TASK PROMPT ▸
Word for word, transcribe the lines below and drop the pictures.

EXERCISE DATA ▸
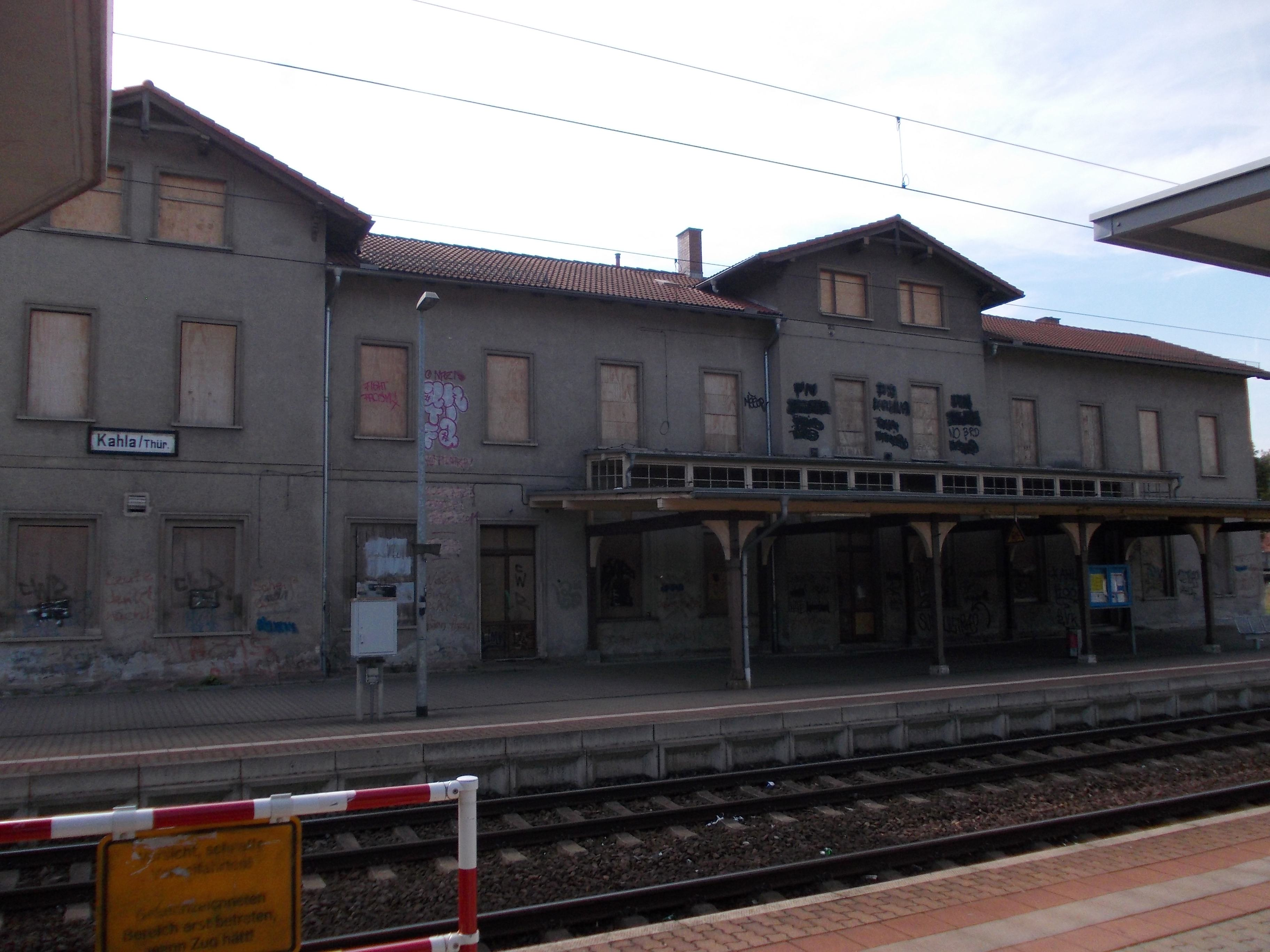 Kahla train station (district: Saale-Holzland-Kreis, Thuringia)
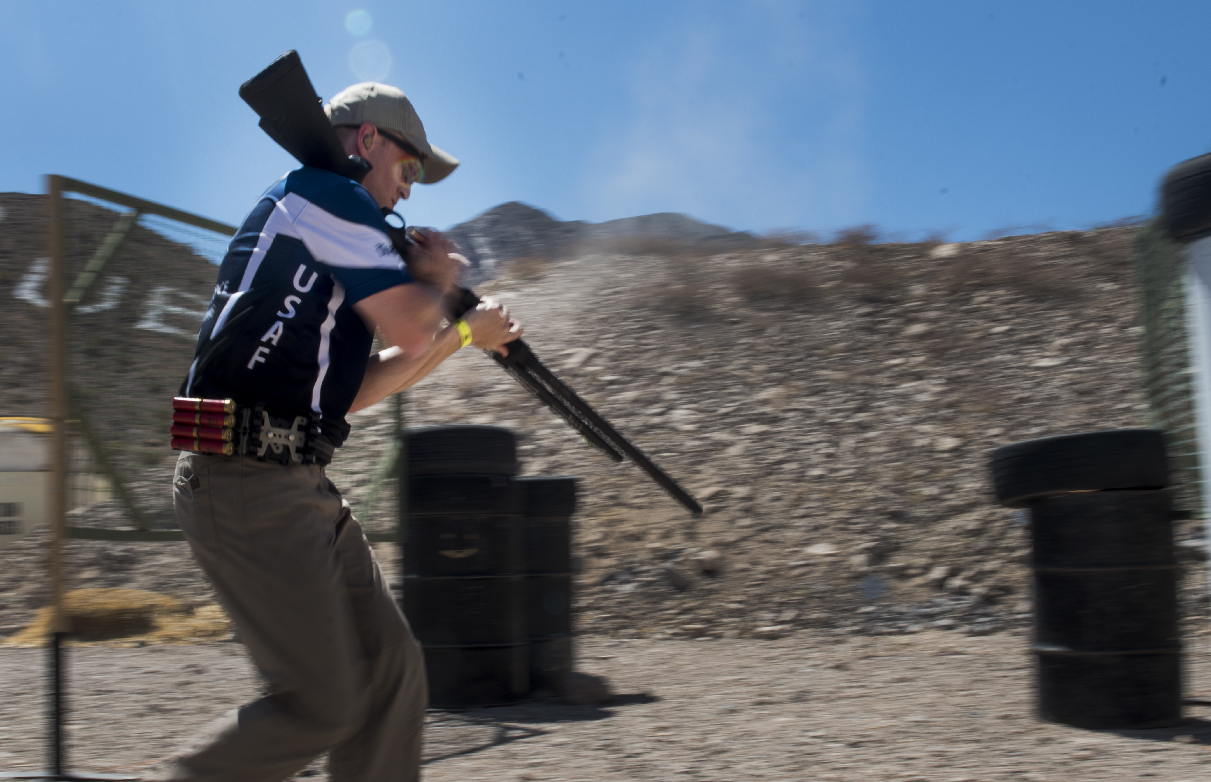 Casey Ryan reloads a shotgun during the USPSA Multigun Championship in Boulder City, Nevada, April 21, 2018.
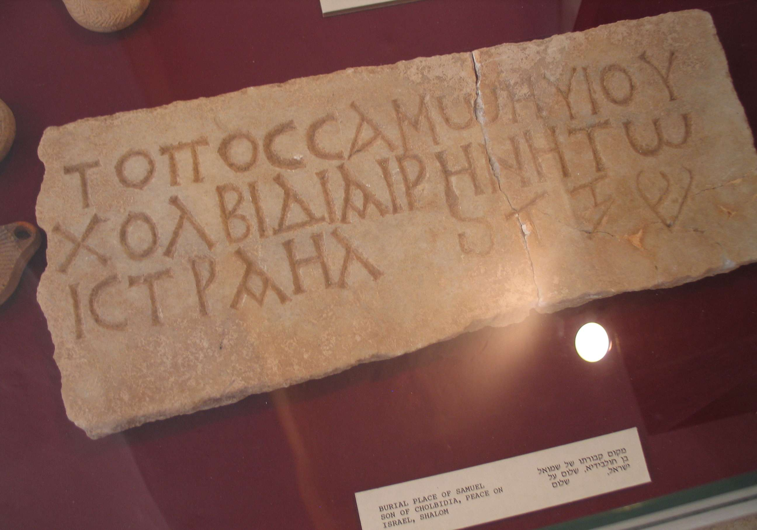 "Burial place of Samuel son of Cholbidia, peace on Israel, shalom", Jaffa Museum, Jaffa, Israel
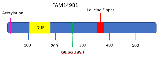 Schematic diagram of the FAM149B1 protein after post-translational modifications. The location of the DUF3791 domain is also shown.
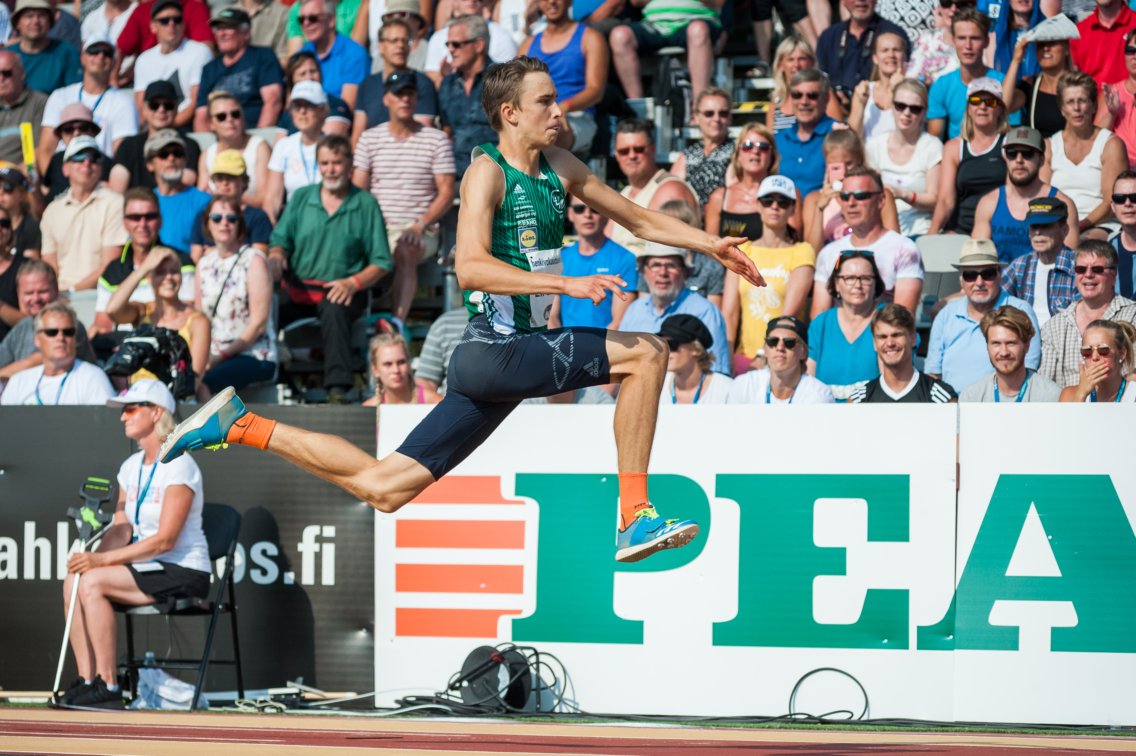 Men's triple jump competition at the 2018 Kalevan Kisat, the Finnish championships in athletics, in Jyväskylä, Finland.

EXPECTED ANSWER ▸
 Kahla train station (district: Saale-Holzland-Kreis, Thuringia)
 Casey Ryan reloads a shotgun during the USPSA Multigun Championship in Boulder City, Nevada, April 21, 2018.
 "Burial place of Samuel son of Cholbidia, peace on Israel, shalom", Jaffa Museum, Jaffa, Israel
 Schematic diagram of the FAM149B1 protein after post-translational modifications. The location of the DUF3791 domain is also shown.
 Men's triple jump competition at the 2018 Kalevan Kisat, the Finnish championships in athletics, in Jyväskylä, Finland.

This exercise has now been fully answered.